The authors regret that several references were cited in incorrect locations in the figure captions. The correct captions are reproduced below.
Fig. 1 Chassis materials of enzyme-powered micro- and nano-motors. (A) Representation of each chassis material in the publications of the field. Examples of enzymatic motors made of (B) polymers,27,37,66 (C) metals,49,67,104 (D) silica,70,96 (E) carbon,107,108 (F) lipid vesicles,117,118 (G) MOFs112,115 and (H) bio-inspired materials.120–122 Panel (B) adapted with permission from (1) ref. 27 Copyright 2019 Springer Nature, (2) ref. 37 Copyright 2017 AAAS, and (3) ref. 66 Copyright 2021 Royal Society of Chemistry. Panel (C) adapted with permission from (1) ref. 104 Copyright 2021 American Chemical Society, (2) ref. 49 Copyright 2019 American Chemical Society, and (3) ref. 67 Copyright 2019 Wiley. Panel (D) adapted with permission from (1) ref. 70 Copyright 2015 American Chemical Society and (2) ref. 96 Copyright 2021 AAAS. Panel (E) adapted with permission from (1) ref. 108 Copyright 2021 Wiley and (2) ref. 107 Copyright 2019 American Chemical Society. Panel (F) adapted with permission from (1) ref. 117 Copyright 2020 Wiley and (2) ref. 118 Copyright 2019 American Chemical Society. Panel (G) adapted with permission from (1) ref. 115 Copyright 2020 American Chemical Society and (2) ref. 112 Copyright 2019 Wiley. Panel (H) adapted with permission from (1) ref. 122 Copyright 2016 Wiley, (2) ref. 121 Copyright 2020 AAAS, and (3) ref. 120 Copyright 2022 American Chemical Society.

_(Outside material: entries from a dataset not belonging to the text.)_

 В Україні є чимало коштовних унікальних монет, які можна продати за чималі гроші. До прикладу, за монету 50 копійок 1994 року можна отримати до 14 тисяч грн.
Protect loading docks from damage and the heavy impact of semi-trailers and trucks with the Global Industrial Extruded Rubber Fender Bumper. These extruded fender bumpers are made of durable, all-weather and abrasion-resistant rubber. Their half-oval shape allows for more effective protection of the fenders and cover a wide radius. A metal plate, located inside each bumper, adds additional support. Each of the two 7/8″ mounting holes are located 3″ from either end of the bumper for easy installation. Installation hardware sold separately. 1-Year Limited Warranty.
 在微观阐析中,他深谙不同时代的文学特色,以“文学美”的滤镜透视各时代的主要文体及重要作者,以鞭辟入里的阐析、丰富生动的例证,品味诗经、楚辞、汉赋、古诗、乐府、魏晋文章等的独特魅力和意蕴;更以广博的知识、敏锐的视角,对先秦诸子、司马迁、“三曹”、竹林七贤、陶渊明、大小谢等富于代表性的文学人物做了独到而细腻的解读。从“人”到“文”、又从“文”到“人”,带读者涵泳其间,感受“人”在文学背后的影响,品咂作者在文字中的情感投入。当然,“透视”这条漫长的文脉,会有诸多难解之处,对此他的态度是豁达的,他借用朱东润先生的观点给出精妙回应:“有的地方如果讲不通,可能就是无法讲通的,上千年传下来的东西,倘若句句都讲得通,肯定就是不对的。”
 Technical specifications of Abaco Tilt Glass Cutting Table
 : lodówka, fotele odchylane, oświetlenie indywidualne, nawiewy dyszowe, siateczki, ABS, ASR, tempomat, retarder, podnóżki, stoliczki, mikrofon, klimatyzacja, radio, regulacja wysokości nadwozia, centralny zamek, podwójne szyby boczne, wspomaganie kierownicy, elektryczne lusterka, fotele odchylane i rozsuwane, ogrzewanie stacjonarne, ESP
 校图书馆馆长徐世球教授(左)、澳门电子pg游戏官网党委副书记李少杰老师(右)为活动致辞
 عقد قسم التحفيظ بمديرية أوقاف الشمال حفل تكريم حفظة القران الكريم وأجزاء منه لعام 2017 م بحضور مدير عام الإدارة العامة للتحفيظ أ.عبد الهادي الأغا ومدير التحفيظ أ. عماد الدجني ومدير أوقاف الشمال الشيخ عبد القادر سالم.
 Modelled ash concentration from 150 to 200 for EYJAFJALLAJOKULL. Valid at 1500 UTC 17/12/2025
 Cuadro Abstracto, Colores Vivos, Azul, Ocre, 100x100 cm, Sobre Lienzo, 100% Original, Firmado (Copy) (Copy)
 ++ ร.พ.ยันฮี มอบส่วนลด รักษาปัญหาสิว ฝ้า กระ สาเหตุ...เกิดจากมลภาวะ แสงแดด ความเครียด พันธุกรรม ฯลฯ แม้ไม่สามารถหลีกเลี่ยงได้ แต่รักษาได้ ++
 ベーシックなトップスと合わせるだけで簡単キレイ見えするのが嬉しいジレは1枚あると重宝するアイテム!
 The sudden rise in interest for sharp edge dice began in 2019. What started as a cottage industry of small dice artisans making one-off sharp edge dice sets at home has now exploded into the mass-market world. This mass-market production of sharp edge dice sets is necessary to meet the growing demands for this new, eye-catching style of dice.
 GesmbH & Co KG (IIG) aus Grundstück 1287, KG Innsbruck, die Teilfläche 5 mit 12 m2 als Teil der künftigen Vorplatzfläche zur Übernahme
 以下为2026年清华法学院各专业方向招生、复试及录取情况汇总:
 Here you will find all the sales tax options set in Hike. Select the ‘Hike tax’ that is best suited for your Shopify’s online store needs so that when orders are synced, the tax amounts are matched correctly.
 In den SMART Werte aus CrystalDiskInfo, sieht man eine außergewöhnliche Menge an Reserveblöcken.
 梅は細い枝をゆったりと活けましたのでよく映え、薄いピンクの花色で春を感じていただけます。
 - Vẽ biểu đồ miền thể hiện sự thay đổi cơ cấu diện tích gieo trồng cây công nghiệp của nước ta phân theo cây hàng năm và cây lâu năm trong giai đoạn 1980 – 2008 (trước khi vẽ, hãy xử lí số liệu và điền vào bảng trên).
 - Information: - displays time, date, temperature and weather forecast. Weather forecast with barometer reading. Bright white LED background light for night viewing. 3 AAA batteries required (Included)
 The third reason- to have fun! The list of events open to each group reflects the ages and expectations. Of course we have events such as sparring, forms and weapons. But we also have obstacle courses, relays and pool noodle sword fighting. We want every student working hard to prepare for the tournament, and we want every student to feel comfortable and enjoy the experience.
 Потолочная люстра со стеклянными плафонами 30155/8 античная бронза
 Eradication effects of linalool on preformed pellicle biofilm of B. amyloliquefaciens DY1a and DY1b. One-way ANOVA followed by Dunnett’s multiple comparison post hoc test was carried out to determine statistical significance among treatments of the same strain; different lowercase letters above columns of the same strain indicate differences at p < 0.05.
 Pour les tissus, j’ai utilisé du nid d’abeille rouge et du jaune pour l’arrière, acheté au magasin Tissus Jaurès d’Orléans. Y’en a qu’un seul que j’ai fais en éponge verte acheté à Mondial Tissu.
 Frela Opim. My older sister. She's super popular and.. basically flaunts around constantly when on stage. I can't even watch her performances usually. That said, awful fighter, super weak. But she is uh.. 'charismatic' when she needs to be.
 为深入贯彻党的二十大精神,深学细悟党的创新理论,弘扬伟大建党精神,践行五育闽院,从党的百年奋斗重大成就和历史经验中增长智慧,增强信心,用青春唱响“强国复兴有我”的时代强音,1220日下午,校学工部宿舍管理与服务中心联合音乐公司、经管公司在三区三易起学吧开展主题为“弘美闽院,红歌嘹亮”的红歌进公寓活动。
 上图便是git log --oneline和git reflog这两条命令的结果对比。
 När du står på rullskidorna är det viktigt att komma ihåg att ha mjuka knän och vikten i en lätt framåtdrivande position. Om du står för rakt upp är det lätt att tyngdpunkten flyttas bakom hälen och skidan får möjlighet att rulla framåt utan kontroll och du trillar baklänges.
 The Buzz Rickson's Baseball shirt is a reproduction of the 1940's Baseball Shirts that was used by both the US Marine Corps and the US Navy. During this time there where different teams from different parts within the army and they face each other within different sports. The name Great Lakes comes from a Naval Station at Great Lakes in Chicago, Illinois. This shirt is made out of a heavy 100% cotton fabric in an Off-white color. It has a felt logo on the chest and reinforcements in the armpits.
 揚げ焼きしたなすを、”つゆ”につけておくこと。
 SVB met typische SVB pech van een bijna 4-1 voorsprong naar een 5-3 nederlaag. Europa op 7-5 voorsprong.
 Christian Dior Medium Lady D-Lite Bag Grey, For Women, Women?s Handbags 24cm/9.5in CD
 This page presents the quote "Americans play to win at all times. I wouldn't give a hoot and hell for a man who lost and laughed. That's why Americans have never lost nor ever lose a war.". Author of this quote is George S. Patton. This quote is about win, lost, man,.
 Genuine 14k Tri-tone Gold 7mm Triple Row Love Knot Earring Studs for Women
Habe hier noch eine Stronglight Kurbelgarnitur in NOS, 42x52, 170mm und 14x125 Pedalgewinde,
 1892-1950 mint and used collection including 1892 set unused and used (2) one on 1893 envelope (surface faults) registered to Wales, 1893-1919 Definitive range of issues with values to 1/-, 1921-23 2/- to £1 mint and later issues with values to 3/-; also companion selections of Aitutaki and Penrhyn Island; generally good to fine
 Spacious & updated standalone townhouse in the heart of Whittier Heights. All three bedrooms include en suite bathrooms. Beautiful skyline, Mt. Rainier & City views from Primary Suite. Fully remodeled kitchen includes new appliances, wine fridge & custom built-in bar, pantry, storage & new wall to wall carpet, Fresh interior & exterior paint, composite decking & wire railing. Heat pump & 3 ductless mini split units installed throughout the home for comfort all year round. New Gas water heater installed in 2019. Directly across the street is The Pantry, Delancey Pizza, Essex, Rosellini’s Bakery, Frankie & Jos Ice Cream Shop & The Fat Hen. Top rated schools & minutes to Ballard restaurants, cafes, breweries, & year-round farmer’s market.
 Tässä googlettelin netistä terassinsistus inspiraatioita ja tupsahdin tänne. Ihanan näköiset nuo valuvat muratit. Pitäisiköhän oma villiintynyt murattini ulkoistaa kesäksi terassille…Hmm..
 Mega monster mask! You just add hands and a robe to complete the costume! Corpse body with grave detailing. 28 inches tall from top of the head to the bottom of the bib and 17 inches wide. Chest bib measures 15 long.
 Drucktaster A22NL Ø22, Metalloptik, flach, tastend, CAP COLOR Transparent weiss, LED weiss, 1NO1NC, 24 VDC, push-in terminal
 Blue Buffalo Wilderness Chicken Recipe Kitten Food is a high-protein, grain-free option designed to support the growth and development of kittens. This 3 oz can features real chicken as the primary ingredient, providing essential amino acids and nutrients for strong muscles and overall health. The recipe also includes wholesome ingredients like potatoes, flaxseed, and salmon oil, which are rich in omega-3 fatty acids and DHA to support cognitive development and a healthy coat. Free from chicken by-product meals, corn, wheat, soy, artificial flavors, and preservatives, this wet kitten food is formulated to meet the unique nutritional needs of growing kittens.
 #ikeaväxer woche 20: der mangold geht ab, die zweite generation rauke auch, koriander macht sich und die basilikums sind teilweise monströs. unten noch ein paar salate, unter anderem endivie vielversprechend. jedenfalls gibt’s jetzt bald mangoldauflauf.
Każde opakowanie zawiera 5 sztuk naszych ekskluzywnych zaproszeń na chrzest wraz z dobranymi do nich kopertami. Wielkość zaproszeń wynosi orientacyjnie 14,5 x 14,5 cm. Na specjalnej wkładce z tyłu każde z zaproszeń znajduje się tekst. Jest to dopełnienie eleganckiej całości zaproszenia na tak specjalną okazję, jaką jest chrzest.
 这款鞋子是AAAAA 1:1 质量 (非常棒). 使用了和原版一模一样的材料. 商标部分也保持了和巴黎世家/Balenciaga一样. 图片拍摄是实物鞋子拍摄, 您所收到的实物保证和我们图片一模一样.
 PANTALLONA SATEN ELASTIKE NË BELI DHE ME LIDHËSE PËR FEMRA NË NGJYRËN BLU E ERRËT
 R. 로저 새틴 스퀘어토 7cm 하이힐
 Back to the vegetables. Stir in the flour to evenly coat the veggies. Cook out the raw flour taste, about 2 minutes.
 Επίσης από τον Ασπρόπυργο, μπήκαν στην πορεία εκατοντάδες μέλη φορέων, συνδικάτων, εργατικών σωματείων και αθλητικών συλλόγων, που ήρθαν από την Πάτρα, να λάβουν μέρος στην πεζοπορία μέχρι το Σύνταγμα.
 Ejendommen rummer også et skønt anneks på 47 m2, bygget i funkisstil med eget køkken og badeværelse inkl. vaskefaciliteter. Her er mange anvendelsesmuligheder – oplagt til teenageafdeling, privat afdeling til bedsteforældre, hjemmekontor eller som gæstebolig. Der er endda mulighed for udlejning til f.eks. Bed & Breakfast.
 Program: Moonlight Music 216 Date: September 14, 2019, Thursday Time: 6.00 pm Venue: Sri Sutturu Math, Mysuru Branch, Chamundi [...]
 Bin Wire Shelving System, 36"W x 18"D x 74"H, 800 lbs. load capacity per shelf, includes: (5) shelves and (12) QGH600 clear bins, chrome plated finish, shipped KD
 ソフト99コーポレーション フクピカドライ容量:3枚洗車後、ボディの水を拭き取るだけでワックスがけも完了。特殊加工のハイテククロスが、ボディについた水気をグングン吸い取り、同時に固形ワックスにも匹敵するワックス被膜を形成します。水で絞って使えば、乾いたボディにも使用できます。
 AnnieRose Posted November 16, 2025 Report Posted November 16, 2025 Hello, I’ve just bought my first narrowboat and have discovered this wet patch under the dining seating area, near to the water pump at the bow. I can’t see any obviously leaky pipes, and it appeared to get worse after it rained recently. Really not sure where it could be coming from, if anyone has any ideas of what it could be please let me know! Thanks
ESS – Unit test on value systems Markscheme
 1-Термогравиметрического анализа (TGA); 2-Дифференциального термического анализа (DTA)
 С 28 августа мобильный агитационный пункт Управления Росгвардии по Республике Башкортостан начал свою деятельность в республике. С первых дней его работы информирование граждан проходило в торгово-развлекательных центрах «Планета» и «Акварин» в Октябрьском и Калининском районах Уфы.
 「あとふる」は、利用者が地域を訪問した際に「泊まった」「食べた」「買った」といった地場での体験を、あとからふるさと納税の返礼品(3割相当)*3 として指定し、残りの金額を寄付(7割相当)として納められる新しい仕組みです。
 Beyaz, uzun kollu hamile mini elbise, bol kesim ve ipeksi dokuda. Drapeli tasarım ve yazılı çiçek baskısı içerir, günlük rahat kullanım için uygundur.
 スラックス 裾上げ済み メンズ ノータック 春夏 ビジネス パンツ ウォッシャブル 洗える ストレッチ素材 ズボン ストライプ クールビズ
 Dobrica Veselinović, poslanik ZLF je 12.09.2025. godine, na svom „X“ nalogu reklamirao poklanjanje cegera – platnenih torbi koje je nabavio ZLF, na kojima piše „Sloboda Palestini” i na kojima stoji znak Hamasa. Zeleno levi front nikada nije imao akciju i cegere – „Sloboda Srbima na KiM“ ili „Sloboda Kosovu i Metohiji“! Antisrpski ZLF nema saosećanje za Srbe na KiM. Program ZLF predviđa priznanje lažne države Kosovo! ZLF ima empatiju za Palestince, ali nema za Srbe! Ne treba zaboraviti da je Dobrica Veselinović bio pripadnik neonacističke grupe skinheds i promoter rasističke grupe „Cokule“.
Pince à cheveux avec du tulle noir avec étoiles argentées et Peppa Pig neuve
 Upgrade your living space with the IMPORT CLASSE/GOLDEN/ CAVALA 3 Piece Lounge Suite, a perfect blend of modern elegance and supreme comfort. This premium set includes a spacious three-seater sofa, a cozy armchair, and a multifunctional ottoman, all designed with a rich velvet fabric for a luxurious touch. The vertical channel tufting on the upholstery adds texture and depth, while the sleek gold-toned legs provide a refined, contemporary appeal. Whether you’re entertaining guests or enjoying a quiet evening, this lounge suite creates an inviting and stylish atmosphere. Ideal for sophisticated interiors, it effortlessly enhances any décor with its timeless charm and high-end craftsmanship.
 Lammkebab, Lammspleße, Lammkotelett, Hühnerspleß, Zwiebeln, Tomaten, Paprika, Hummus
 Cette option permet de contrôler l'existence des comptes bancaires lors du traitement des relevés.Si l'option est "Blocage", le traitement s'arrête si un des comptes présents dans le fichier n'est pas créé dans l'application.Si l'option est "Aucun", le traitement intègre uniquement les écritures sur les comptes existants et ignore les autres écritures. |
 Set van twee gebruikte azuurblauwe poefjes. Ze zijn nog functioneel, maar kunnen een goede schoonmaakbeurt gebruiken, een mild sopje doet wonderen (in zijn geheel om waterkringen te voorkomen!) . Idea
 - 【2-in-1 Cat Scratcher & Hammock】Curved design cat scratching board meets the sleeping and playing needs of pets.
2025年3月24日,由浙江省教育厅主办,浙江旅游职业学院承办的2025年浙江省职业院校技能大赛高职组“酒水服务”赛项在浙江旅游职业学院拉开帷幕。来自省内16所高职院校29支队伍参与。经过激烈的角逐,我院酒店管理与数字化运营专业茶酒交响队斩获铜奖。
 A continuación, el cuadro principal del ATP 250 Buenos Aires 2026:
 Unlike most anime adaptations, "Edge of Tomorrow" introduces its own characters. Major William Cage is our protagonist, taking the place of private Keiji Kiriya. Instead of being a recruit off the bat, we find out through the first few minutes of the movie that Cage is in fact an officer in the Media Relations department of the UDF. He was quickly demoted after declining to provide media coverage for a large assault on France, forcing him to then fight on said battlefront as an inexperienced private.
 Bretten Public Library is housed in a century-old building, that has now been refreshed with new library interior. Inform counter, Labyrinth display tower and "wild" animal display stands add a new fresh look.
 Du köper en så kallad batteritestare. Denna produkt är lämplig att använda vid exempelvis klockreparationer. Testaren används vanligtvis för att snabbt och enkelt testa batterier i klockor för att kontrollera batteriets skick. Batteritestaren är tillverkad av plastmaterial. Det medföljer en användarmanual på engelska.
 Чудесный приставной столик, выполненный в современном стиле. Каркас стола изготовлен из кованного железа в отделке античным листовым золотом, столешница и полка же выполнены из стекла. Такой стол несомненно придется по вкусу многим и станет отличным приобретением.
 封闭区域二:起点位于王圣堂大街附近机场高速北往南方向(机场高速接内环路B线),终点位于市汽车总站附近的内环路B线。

Fig. 2 Chassis shape and product release distribution of enzyme-powered micro- and nano-motors. (A) Representation of each chassis shape in the publications of the field. Inset: representation of each configuration of product release in the publications of the field. Examples of enzymatic motors with shapes of (B) spheres,15,29,62,69,89 (C) tubes,30,86 (D) rods,17,20,122 (E) vesicles,37,118 (F) stomatocytes,23,24,27 (G) crystals,112 (H) bottles35,98 and (I) shells.47 Panel (B) adapted with permission from (1) ref. 15 Copyright 2019 Elsevier, (2) ref. 89 Copyright 2018 American Chemical Society, (3) ref. 29 Copyright 2019 Wiley, (4) ref. 69 Copyright 2017 Elsevier and (5) ref. 62 Copyright 2017 Royal Society of Chemistry. Panel (C) adapted with permission from (1) ref. 86 Copyright 2016 American Chemical Society and (2) ref. 30 Copyright 2016 Wiley. Panel (D) adapted with permission from (1) ref. 17 Copyright 2020 Elsevier, (2) ref. 122 Copyright 2016 Wiley, and (3) ref. 20 Copyright 2021 Elsevier. Panel (E) adapted with permission from (1) ref. 37 Copyright 2017 AAAS and (2) ref. 118 Copyright 2019 American Chemical Society. Panel (F) adapted with permission from (1) ref. 24 Copyright 2016 American Chemical Society, (2) ref. 27 Copyright 2019 Springer Nature and (3) ref. 23 Copyright 2016 American Chemical Society. Panel (G) adapted with permission from (1) ref. 112 Copyright 2019 Wiley. Panel (H) adapted with permission from (1) ref. 98 Copyright 2021 American Chemical Society and (2) ref. 35 Copyright 2022 Wiley. Panel (I) adapted with permission from (1) ref. 47 Copyright 2019 Wiley.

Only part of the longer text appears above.